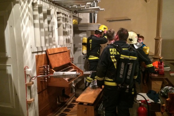 Die FF Vöcklabruck wurde zu einem Brand in die evangelische Kirche gerufen. Im Bereich der Orgel wurde eine Rauchentwicklung gemeldet. Der erste Atemschutztrupp erkundete die Lage und konnte vorerst keinen Auslösegrund feststellen. Die Orgel wurde mit der Wärmebildkamera abgesucht, wobei keine Erwärmung festgestellt werden konnte. Nach Rücksprache mit den anwesenden Kirchenmitgliedern wurde der Einsatz beendet.
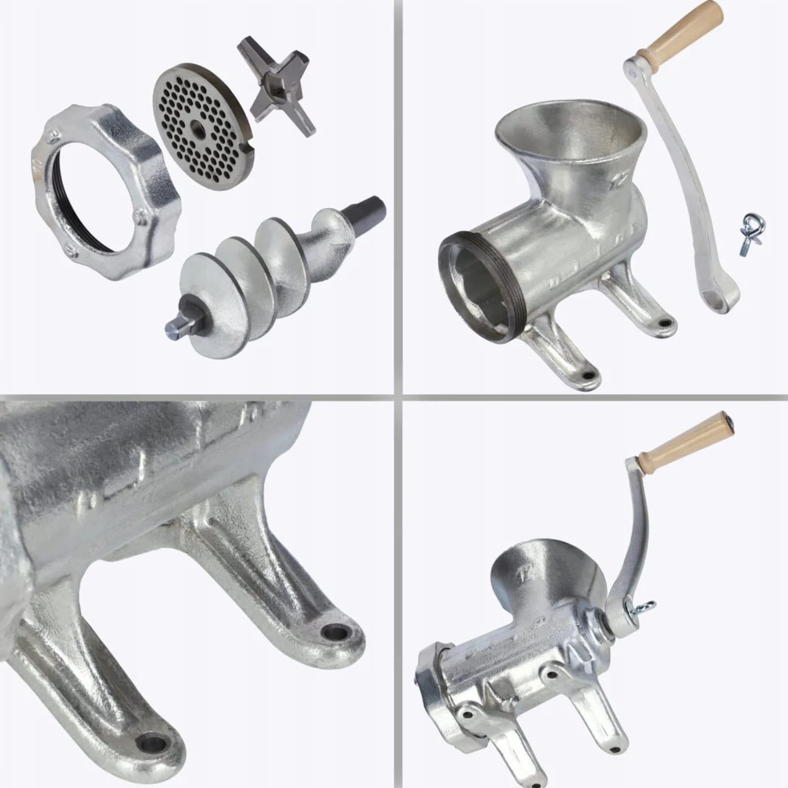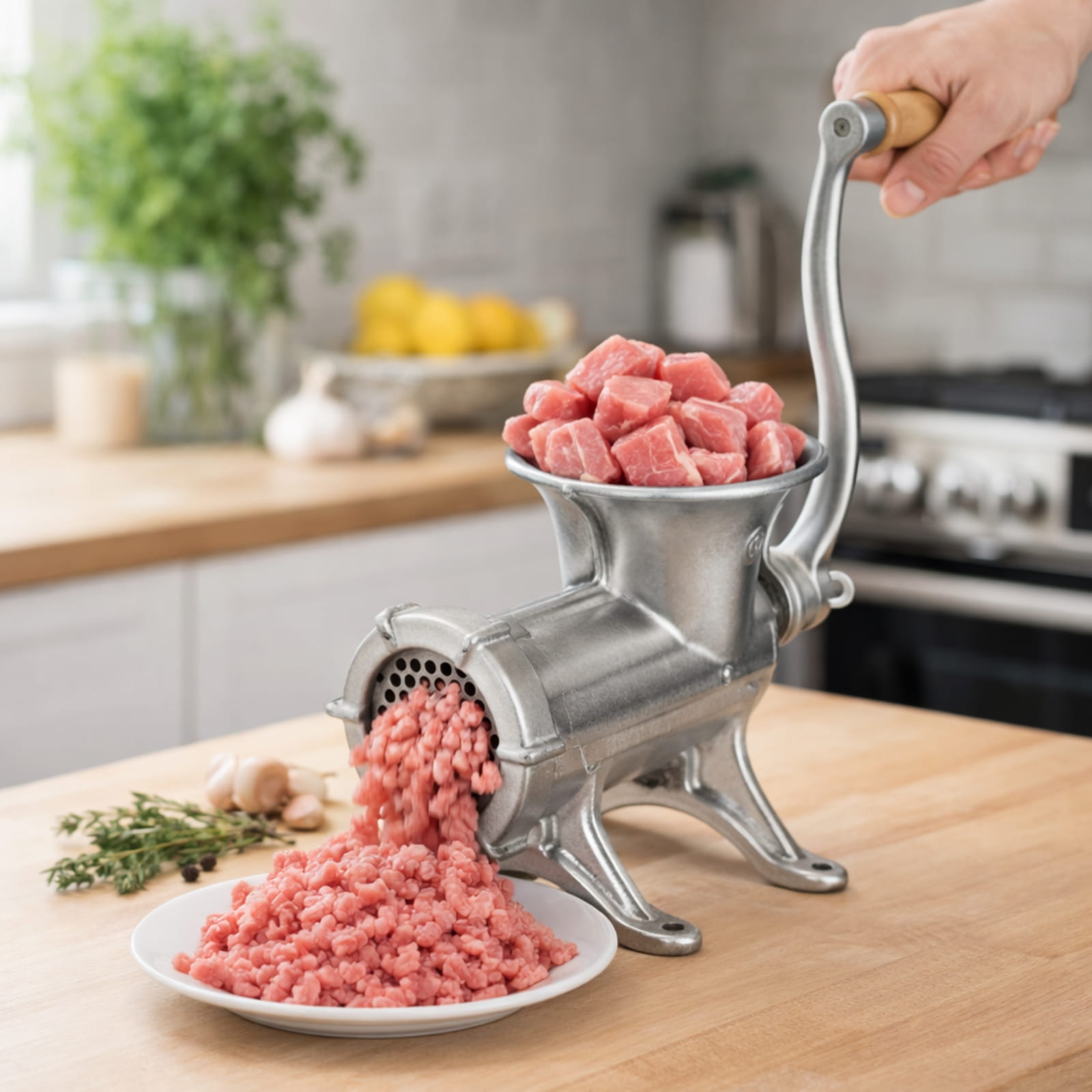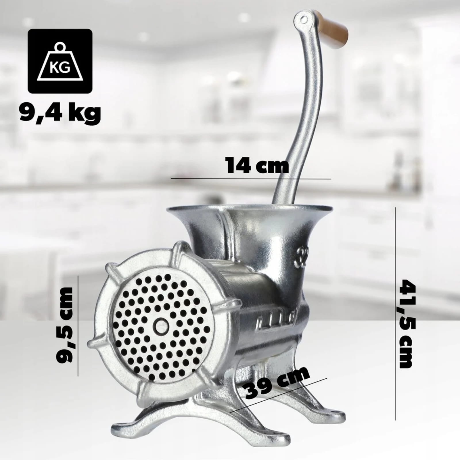 Ręczna maszynka Alfa to klasyczne rozwiązanie do domowej kuchni, szczególnie dla osób przygotowujących własne mielone mięso, farsze oraz domowe wyroby wędliniarskie. Żeliwny korpus zapewnia stabilność i odporność na intensywne użytkowanie, a ręczny mechanizm pozwala pracować w tempie dopasowanym do rodzaju surowca i własnej wygody.
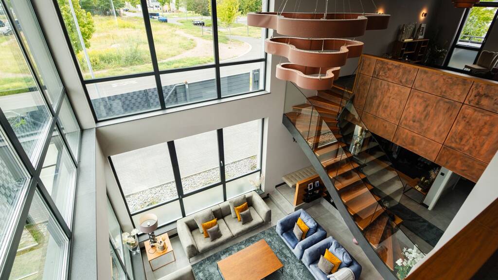 Besonders hervorzuheben ist der luxuriöse Wohnbereich, der mit seiner modernen Ausstattung und eleganten Atmosphäre sowohl für exklusives Wohnen als auch für eine anspruchsvolle Arbeitsumgebung prädestiniert ist.

####################

YOUR GOAL
Write out the data above exactly as it appears, but without any image.

THE ANSWER
 Die FF Vöcklabruck wurde zu einem Brand in die evangelische Kirche gerufen. Im Bereich der Orgel wurde eine Rauchentwicklung gemeldet. Der erste Atemschutztrupp erkundete die Lage und konnte vorerst keinen Auslösegrund feststellen. Die Orgel wurde mit der Wärmebildkamera abgesucht, wobei keine Erwärmung festgestellt werden konnte. Nach Rücksprache mit den anwesenden Kirchenmitgliedern wurde der Einsatz beendet.
 Ręczna maszynka Alfa to klasyczne rozwiązanie do domowej kuchni, szczególnie dla osób przygotowujących własne mielone mięso, farsze oraz domowe wyroby wędliniarskie. Żeliwny korpus zapewnia stabilność i odporność na intensywne użytkowanie, a ręczny mechanizm pozwala pracować w tempie dopasowanym do rodzaju surowca i własnej wygody.
 Besonders hervorzuheben ist der luxuriöse Wohnbereich, der mit seiner modernen Ausstattung und eleganten Atmosphäre sowohl für exklusives Wohnen als auch für eine anspruchsvolle Arbeitsumgebung prädestiniert ist.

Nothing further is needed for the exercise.